Let’s talk water pooling, puddles, PVC, and the smarter way to keep your cover high and dry.
Every boater has been there: you check your boat after a storm and get greeted by a swamp-sized pool of rain water right in the middle of your boat cover. Maybe the cover’s sagging low between your tie downs, maybe the support system slipped, or maybe—just maybe—you trusted a beach ball to do a grown man’s job.
Whether you’re running a Malibu, Yamaha, pontoon boat, jon boat, or bass boat, pools of water collecting on your cover can cause real damage—rips in the fabric, mildew buildup, or worse, damage to your boat. It’s not just an eyesore; it’s an invitation for costly repairs.
So let’s run through your options for keeping your boat cover tight, dry, and off your deck.
1. The Classic: Boat Cover Support Poles
The go-to solution for decades. Most support poles telescope and sit under the cover at one or two low points. In theory, they give rain a path to run off instead of pooling.
In practice? If you’re lucky, it stays upright. But a gust of wind or just one misaligned strap and suddenly your boat cover support pole is tipped over like a drunk uncle at a wedding. Especially on bowriders or pontoons where the span is wider, one or two poles usually can’t create enough lift.
You can try to ratchet the cover down tighter, but that risks pulling too hard on the seams or rubbing the cover the wrong way. Not ideal.
2. DIY PVC Frames and Other MacGyver Tactics
Got a garage full of PVC pipe and a free Saturday? You could build your own frame. Plenty of DIY boaters piece together support arches from PVC, 2x4s, or even broomsticks zip-tied into a homemade jungle gym.
Sure, it’s a cheap fix. But it’s bulky, hard to store, and usually not transport-friendly. Plus, you’ve got to nail the measurements—or you’ll just move the low points instead of eliminating them.

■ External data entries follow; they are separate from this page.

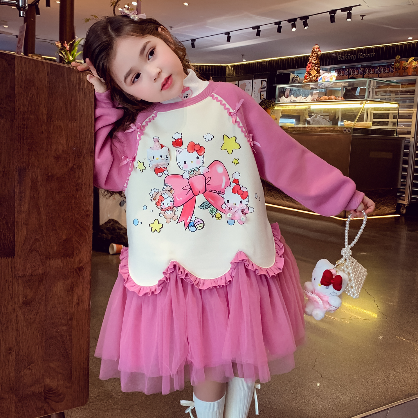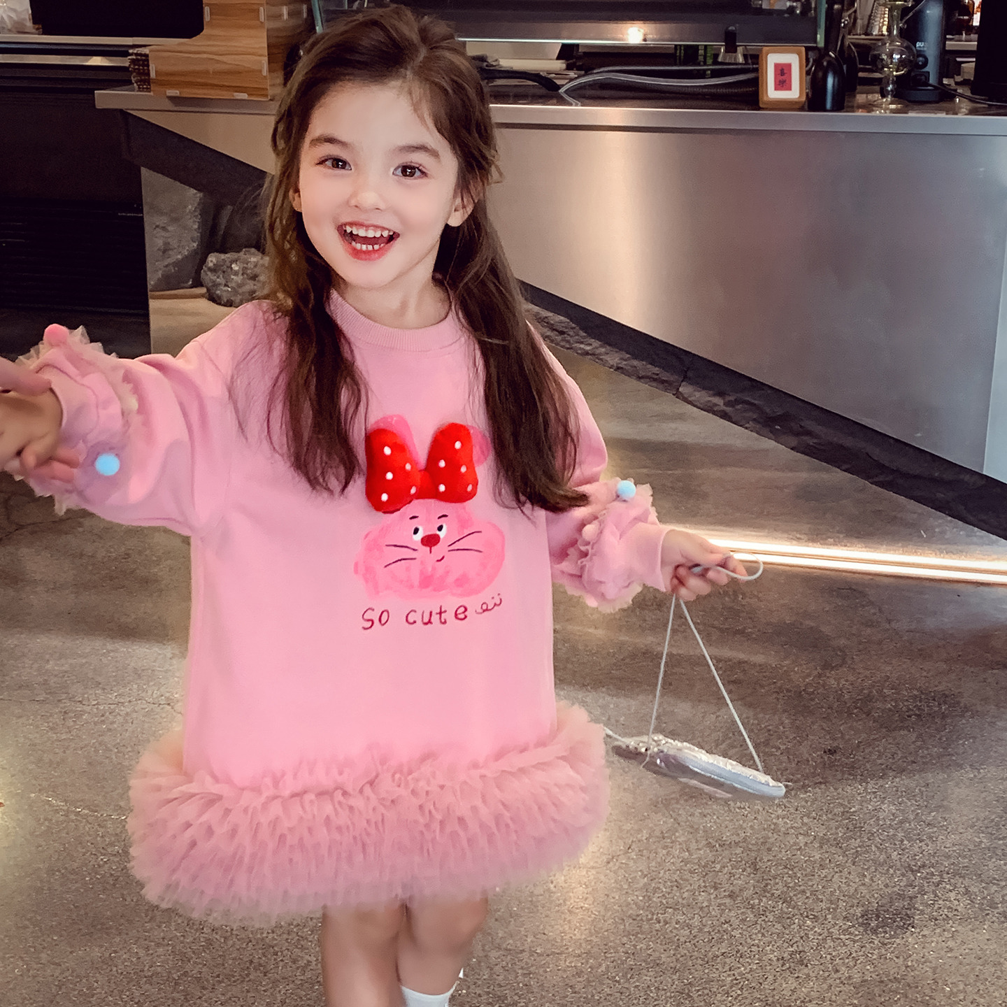 女童卫衣裙秋装2025新款儿童韩版蝴蝶结卡通网纱连衣裙小女孩裙子
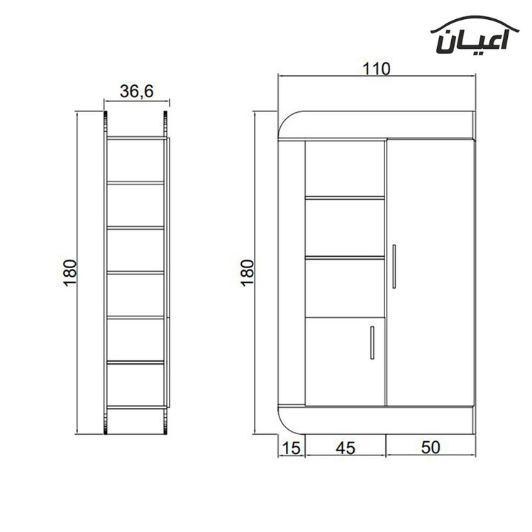 جنس ملامینه. وزن متناسب با ابعاد. نوار پی وی سی. بسته بندی با لوگو و برند اعیان. لولا آرام بند و ساده ریل سه تکه . دارای آینه .
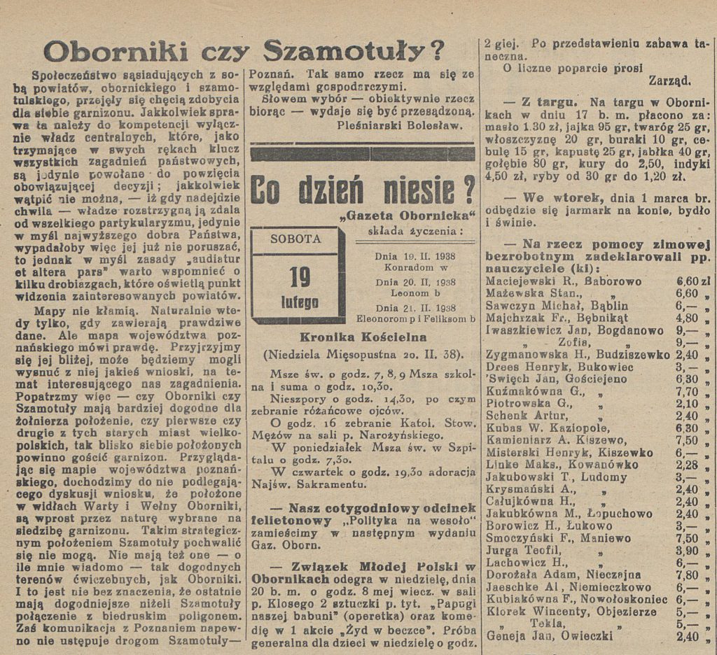 - 19 lutego 1904 r. w lecznicy w pod Obornikami leczono 79 chorych na gruźlicę. Jako wyleczonych wpisano 31 osób, 21 z poprawą stanu zdrowia, 19 jako niedoleczonych, 2 zmarło.
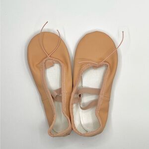 These pink ballet slippers feature a soft, flexible leather construction with elastic straps for a secure fit. Designed for comfort, they have a rounded toe box and a completely flat sole, making them ideal for relaxed dancewear. The light-colored interior lining adds a touch of elegance to these functional ballet 🩰 slippers.
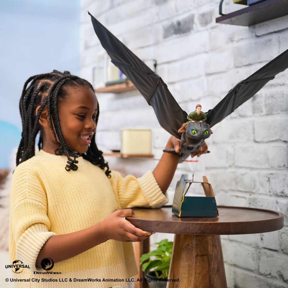 Include un controler de 2,4 GHz cu o raza de actiune de 76 de metri, astfel incat aventurierii, tineri si batrani, il pot comanda pe Toothless in aventuri epice.

Some even use exercise balls or beach balls under the cover. Creative, but not exactly confidence-inspiring when a storm rolls in.
3. The Smarter Play: SwellUP
Here’s where things get interesting. SwellUP is an inflatable boat cover support system designed to sit inside your boat and lift the cover from the inside out. It replaces tension poles and clunky PVC rigs with a lightweight inflatable form—think of it like a modern, minty-fresh air dome that actually works.
No fiberglass scratches, no weird ratchet gymnastics, no DIY engineering degree required. You pop the cover on, inflate it, and rain rolls right off. No puddles, no mildew, no “surprise pond” waiting on your cover.
Whether you dock your outboard in the backyard or run a full-size pontoon at the marina, SwellUP adapts to the shape of your boat and holds the cover in a snug, elevated fit. And because it uses active airflow, it’s doing double duty keeping the inside fresh and critter-free too. Oh, did we mention it inflates in under a minute and tear down/pack up is faster than it takes your favorite song to play.
Final Thought
You could keep wrestling with PVC pipe, crossing your fingers every time it rains, or stacking boat cover support poles like a game of nautical Jenga. Or you could try something built by boaters who were tired of puddles, mildew, and ripped covers.
Boat owners everywhere are figuring it out—SwellUP isn’t just a clever name. It’s a no-brainer.